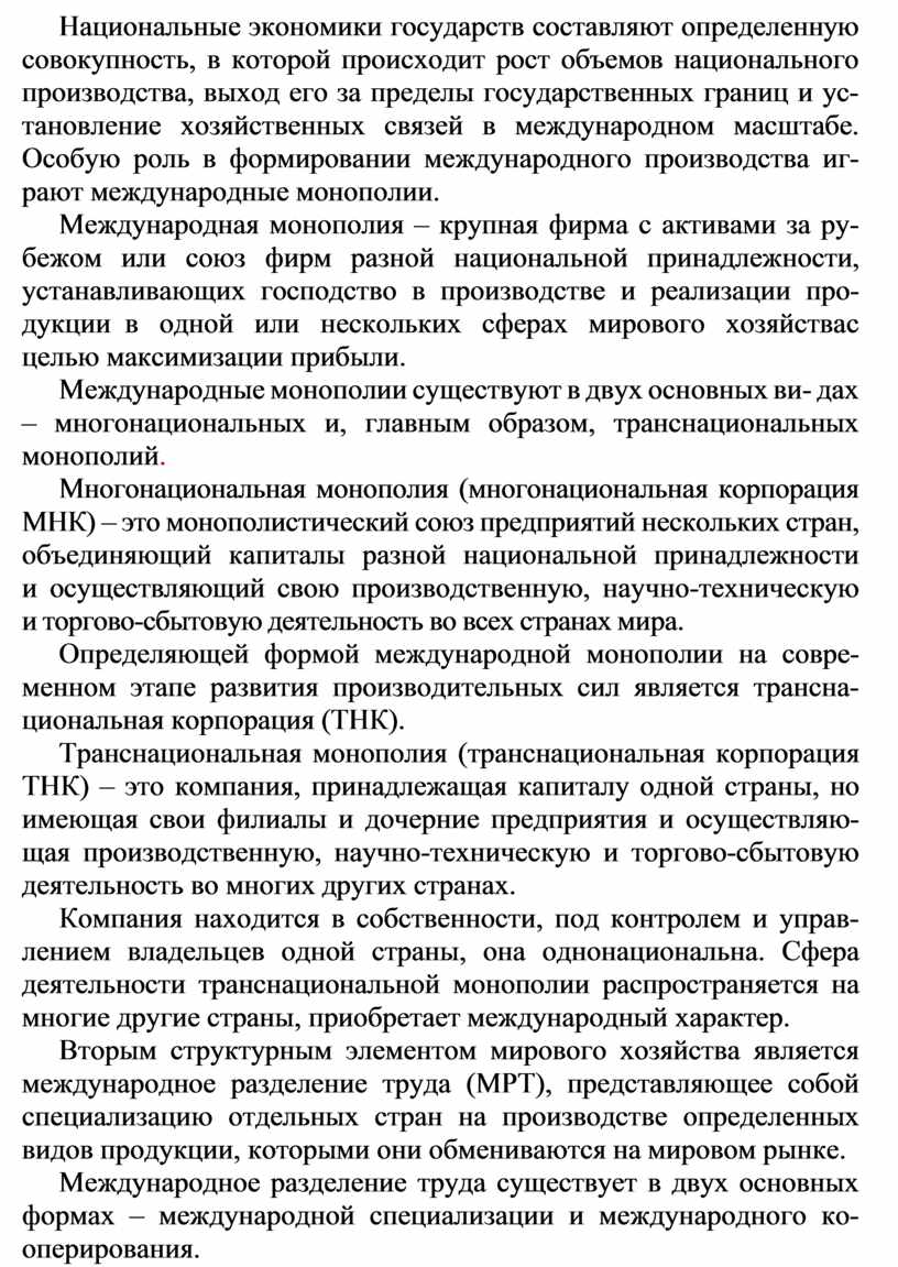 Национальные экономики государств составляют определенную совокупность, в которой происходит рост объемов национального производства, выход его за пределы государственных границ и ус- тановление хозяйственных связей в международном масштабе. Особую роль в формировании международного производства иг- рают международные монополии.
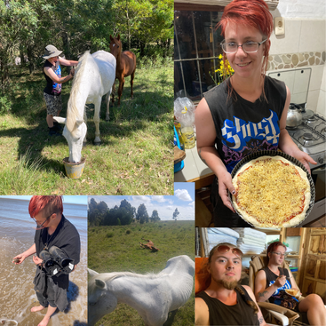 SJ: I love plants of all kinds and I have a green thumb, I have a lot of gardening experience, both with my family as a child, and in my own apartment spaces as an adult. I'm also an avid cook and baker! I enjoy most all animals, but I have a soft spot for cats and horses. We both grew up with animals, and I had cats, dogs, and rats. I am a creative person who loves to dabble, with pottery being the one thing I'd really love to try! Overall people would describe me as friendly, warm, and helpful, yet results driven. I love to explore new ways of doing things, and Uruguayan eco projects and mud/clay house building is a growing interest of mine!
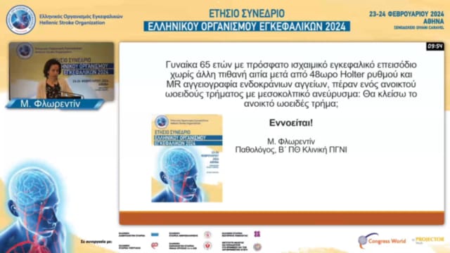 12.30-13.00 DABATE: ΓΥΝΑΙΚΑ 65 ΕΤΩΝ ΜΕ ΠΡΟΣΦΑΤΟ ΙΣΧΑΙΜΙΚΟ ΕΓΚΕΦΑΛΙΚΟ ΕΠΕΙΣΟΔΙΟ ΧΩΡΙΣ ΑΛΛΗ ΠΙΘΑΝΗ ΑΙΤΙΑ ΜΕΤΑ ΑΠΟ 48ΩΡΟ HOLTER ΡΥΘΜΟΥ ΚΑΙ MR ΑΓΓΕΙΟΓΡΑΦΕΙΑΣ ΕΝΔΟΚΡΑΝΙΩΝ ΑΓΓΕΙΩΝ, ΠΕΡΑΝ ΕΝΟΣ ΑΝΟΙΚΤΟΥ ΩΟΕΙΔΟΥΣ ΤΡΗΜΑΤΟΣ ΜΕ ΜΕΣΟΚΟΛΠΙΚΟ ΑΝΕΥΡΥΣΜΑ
---
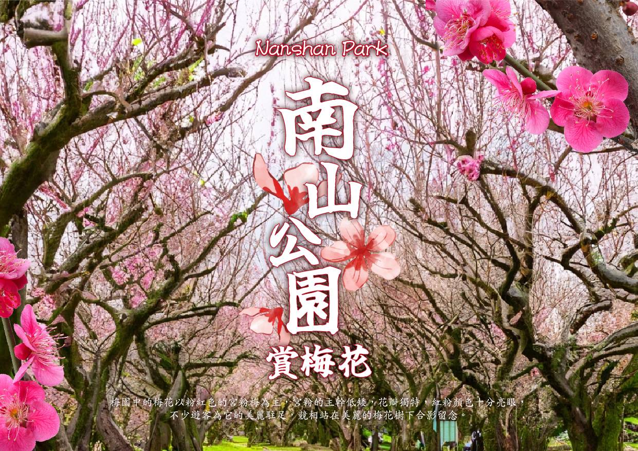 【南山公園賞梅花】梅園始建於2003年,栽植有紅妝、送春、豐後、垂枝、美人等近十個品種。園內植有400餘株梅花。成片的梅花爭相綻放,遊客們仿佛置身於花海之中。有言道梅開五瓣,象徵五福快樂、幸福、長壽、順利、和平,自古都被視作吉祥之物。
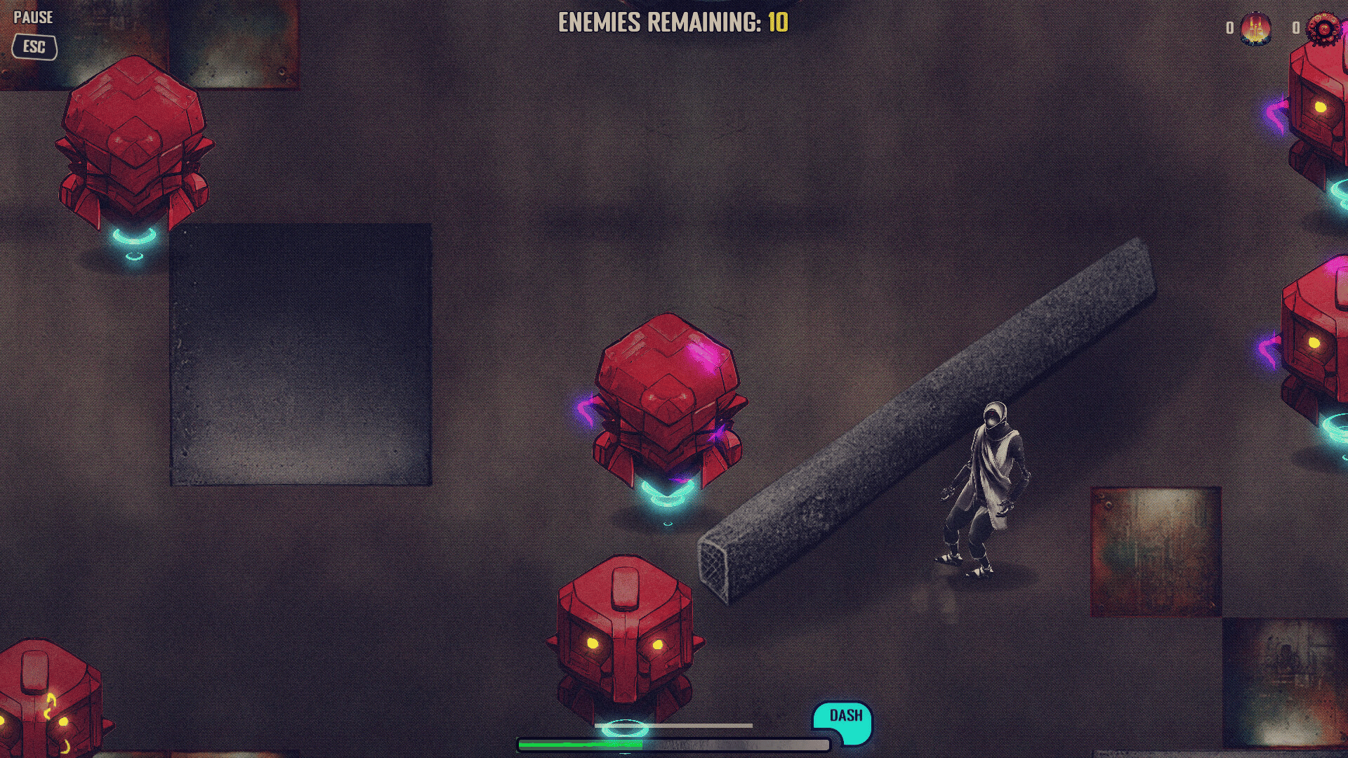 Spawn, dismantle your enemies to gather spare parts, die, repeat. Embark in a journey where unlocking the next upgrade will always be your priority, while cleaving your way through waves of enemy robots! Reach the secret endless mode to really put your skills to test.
---
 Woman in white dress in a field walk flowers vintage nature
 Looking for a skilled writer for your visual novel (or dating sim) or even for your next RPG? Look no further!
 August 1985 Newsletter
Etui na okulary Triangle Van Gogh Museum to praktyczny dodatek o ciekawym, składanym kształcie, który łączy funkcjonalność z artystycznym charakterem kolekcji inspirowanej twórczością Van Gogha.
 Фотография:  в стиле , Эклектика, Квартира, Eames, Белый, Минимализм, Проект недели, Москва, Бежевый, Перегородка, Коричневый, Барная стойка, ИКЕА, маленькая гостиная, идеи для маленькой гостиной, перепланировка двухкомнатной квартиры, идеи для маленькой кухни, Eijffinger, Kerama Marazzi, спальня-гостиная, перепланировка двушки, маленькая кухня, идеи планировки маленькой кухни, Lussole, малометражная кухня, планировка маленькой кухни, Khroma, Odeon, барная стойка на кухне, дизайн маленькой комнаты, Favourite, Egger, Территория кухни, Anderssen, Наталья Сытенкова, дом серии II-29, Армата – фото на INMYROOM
---
§ **Task instructions**: In the listing above, find the line with "Woman in white" and the line with "фото на INMYROOM"; output exactly those lines and all lines between them.

§ **Task answer**:
 Woman in white dress in a field walk flowers vintage nature
 Looking for a skilled writer for your visual novel (or dating sim) or even for your next RPG? Look no further!
 August 1985 Newsletter
Etui na okulary Triangle Van Gogh Museum to praktyczny dodatek o ciekawym, składanym kształcie, który łączy funkcjonalność z artystycznym charakterem kolekcji inspirowanej twórczością Van Gogha.
 Фотография:  в стиле , Эклектика, Квартира, Eames, Белый, Минимализм, Проект недели, Москва, Бежевый, Перегородка, Коричневый, Барная стойка, ИКЕА, маленькая гостиная, идеи для маленькой гостиной, перепланировка двухкомнатной квартиры, идеи для маленькой кухни, Eijffinger, Kerama Marazzi, спальня-гостиная, перепланировка двушки, маленькая кухня, идеи планировки маленькой кухни, Lussole, малометражная кухня, планировка маленькой кухни, Khroma, Odeon, барная стойка на кухне, дизайн маленькой комнаты, Favourite, Egger, Территория кухни, Anderssen, Наталья Сытенкова, дом серии II-29, Армата – фото на INMYROOM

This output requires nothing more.